16. International Shipments. Shipments to delivery points outside of the continental United States will be made only upon Seller's prior receipt of the following documentation in form and substance acceptable to Seller.
A. Written evidence of establishment of irrevocable letter of credit in favor of Seller for an amount equal to or exceeding the full contract price hereunder, and on terms acceptable to Seller.
B. Import certificate properly issued by destination country where required.
C. Where shipment is FAS port vessel, written instructions to Seller specifically identifying loading berth where equipment is to be delivered.
Buyer acknowledges that the goods provided under this agreement are subject to the customs and export control laws and regulations of the United States of America. Buyer agrees to abide by those laws and regulations. Seller’s acceptance of any order is contingent upon Buyer’s compliance with the laws and regulations described above and is contingent upon the issuance of any applicable export licenses or other approvals required by the United States government or an agency or subdivision thereof.

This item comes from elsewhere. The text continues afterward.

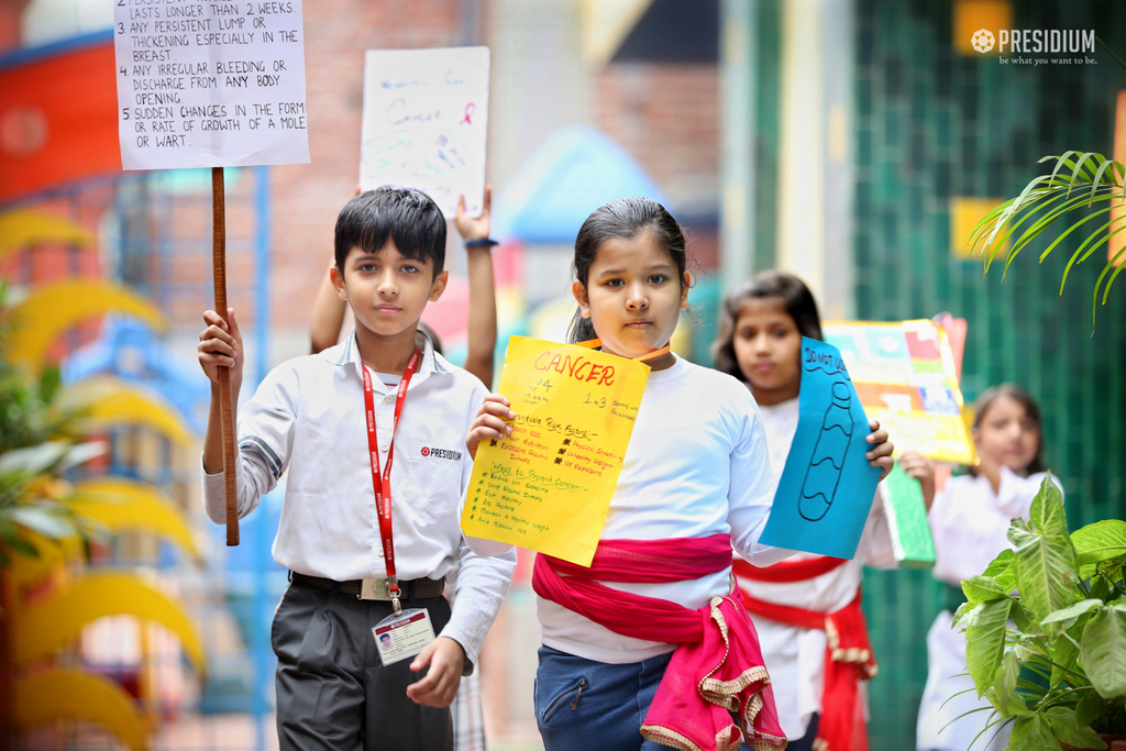 Presidians of grade 3 organised a rally on National Cancer Awareness Day to raise awareness about cancer. The objective was to encourage its prevention, detection, and early treatment. The students enthusiastically participated in the rally carrying placards in their hands and giving knowledge about the rising cases of cancer due to tobacco use, sunburns, obesity, excessive intake of alcohol and various other things. Students also emphasised that early detection, screening and diagnosis will significantly improve survival rates. Overall it was a great step towards learning for young minds.

17. Credit Terms. If the terms of Payment hereunder call for any extension of credit by Seller to Buyer, Buyer hereby agrees that prior to payment in full, (i) the goods sold hereunder are subject to a vendor's lien and security interest in favor of Seller and (ii) Buyer will promptly execute and deliver to Seller such security agreements, Uniform Commercial Code financing statements and other documents as are requested by Seller to reflect this retention as a security interest.

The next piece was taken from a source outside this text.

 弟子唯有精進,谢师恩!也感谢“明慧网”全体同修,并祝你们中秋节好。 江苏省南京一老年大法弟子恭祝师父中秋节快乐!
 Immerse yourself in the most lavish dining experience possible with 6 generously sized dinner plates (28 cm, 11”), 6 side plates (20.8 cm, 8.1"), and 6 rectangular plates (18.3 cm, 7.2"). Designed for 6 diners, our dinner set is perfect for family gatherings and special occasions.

18. Past Due Accounts. Unless specifically provided for in this agreement or in other written evidence of the agreement of Buyer and Seller, all amounts due hereunder that remain unpaid for more than 30 days after the payment date shall bear interest at the highest interest rate allowed by law.
19. Affidavits. Orders requiring affidavits or certificates of compliance must so state when orders are placed.

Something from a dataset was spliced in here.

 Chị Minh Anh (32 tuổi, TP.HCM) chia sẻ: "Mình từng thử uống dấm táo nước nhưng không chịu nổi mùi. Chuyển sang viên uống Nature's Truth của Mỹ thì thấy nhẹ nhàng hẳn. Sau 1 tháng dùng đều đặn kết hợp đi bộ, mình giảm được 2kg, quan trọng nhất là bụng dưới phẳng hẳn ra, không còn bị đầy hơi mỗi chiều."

20. Clerical Errors. Seller reserves the right to correct clerical or stenographic errors in quotations, orders,invoices and other contracts, agreements or documents.
21. Assignment. No right or interest in the Agreement formed hereunder shall be assigned by Buyer without the written permission of the Seller, and no delegation of any obligation owed by Buyer shall be made without Seller's written permission. Any attempted assignment or delegation in violation of this paragraph shall be wholly void and totally ineffective for all purposes.
22. Waiver by Seller. Waiver by Seller of a breach by Buyer of any provision of this Agreement shall not be deemed a waiver of future compliance therewith, and such provision shall remain in full force and effect.
23. WAIVER BY BUYER. BUYER HEREBY WAIVES THE RIGHT TO TAKE LEGAL ACTION UNDER THE TEXAS DECEPTIVE TRADE PRACTICES - CONSUMER PROTECTION ACT, IF NOT CONTRARY TO PUBLIC POLICY.
24. Statute of Limitations. An action for breach of this Order must be commenced within two years after the cause of action has accrued. A cause of action accrues when the breach occurs, regardless of the aggrieved party's lack of knowledge of the breach. An action for a breach of warranty must be commenced within two years after tender of delivery.
25. Binding Nature. The Agreement formed hereunder inures to the benefit of and is binding upon the parties thereto, their successors and assigns.
26. Headings; Captions. The headings and captions herein are included for convenience only and shall not affect the construction or interpretation of any of the provisions of this Invoice.
27. Severance. Any provisions of this agreement which may be prohibited by law or otherwise held invalid shall be ineffective only to the extent of such prohibition or invalidity and shall not invalidate or otherwise render ineffective the remaining provisions of this agreement.